И прочитала кусочек из этого письма, который Марьяна запомнила на всю жизнь: «Милая моя, я не говорю о том, что ты будешь счастлива со мной, но я прошу тебя: позволь мне только помочь тебе. И больше мне ничего не нужно».
Тетя Груша нахмурила брови и долго молчала. Потом сказала:
— Нельзя. Не ходи. Какой-никакой, а мужик. Он что, тебе в няньки сейчас попросился? Мужик есть мужик. Раз он женился, он, значит, хозяин. А ты раз посмотришь не так, как он хочет, да станешь не тем к нему боком, да ойкнешь — вот тут он тебе и припомнит обиду! Мол, ты его в койке не любишь, не греешь — зачем ты пошла? На чужое польстилась? Для бабы первее всего, чтоб свобода. Чтоб хочет — легла, а не хочет — простите. Вот так вот я все понимаю про жизнь.
А бабушке было всего-навсего пятьдесят два года. А выглядела она, несмотря на все испытания, на сорок. И волосы у нее были до пояса. В войну только их отрезала. Бабушка послушалась, ответила отказом. Письма Всеволода Андреича перестали приходить, денежные переводы тоже. Бабушка думала: обиделся. Только через полгода, когда уже вовсю шла война и они перебрались в Свердловск, кто-то из артистов МХАТа, среди которых постоянно крутился Санча, сказал бабушке, что Завадовский умер от инфаркта за две недели до начала войны.

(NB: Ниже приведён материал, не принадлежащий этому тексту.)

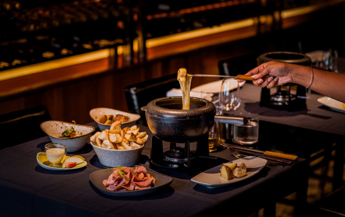 Inside a space deliberately crafted for indulgence, The Cheese & Wine Bar is the Maldives’ only venue dedicated to artisanal cheese and wine pairing. Guests walk across a distinctive imported Black Volcanic‑Sand floor, plucked from New Zealand, and settle into cosy low-lit surroundings ideal for a romantic evening or a relaxed catch-up with friends. The menu combines world‑class cheeses melted into fondue, gourmet tapas tours of cheeses, bread, pickles and cured meats, each matched to complementary fine wines and Champagne—designed for informal sharing and tasting pleasure.
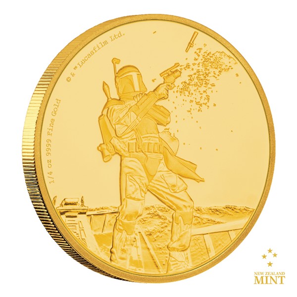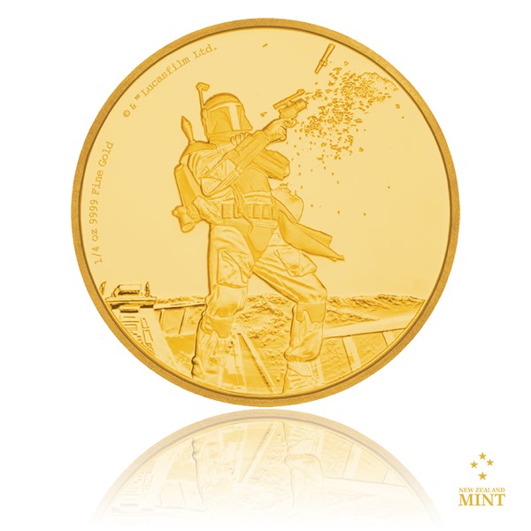 Zlatá investiční mince 1/4 Oz 25 NZD Star Wars Boba Fett proof

Может быть, когда она ответила на исступленную любовь Егора, в ней вспыхнули отголоски этой давнишней истории? Может быть, ее сознание связало двух разных людей: Мячина и доктора Завадовского, которого давно нет в живых? Она вытерла слезы ладонью, и тут же бабушка, тихая и легкая, с черепаховым гребнем в седых волосах, проскользнула к ней за шкаф, про который Санча говорил: «Он у нас работает стенкой».
— Марьяночка, — прошелестела она, заботливо натягивая на Марьяну одеяло. — У тебя со здоровьем все в порядке?
— Да, все. Я здорова, бабуля.
— Уверена, милая?
Марьяна ярко покраснела в темноте:
— У меня еще не началось, но мне кажется, что вот-вот начнется… Очень тянет низ живота. Это всегда так, знаешь? Когда должно вот-вот начаться.
Бабушка мягко погладила ее по плечу:
— Одни косточки остались… Кто тебя, такую худющую, замуж возьмет? Я тебя очень прошу: зайди завтра в поликлинику, хорошо? Не дай бог, простуда. Пускай там посмотрят.
Сердце ее замирало от страха, тошнота подступала к горлу. Как же она не подумала об этом? «Господи, Господи, прошу Тебя, только чтобы не беременность! Только не это! Что же мне тогда делать? И как я буду смотреть в глаза бабушке, Санче, Егору? Нет, это даже лучше, что Егор уезжает. Иначе было бы совсем ужасно. Потому что… потому что… Ребенок может быть только от Виктора. Да, только от Виктора. Господи, Господи… сделай так, чтобы этого не было!»
Утром Марьяна позвонила Регине Марковне и сказала, что Мячин собирается уехать к матери в Брянск. Не хочет заканчивать фильм. Регина Марковна завыла волчицей.
— В какой еще Брянск?
— Он сказал, что уезжает сегодня.
— Кривицкому сообщила?
Марьяна растерялась:
— Кривицкому? Нет. Как же я… Мне неловко…
Регина Марковна с такой силой хлопнула себя ладонью по лбу, что в руке у Марьяны задрожала трубка.
— Ах, да! Что же я говорю!
— Регина Марковна, — прошептала Марьяна, — вы же понимаете, что у нас с Федором Андреичем чисто деловые отношения…
— Да мне не до это-о-о-ого-о! — заорала Регина Марковна. — В гроб вы меня все сведете со своими отноше-е-ениями-и-и! Кино нужно делать! Идите все в жопу!
На том разговор и закончился. Марьяна туго затянула волосы узлом на затылке, надела простые черные туфельки, скромный, бабушкой связанный свитерок и отправилась в поликлинику. В регистратуру была длинная очередь, но, как ни странно, ее записали на сегодняшний прием к гинекологу Дариде Петровне Ушадзе, и подождать нужно было всего полтора часа. Она пристроилась на стуле у самого окна и принялась ждать. В приемной сидели две беременные: рыжеволосая, длинноногая, и маленькая, кудрявая, как африканка, с выпуклыми глазами. Потом пришла стройная женщина, сильно накрашенная, немолодая, но очень аккуратно одетая, с таким длинными и острыми ногтями, словно она, как ястреб, сама добывает себе пищу. Беременные сначала молчали, потом начали разговаривать. Марьяна невольно прислушалась.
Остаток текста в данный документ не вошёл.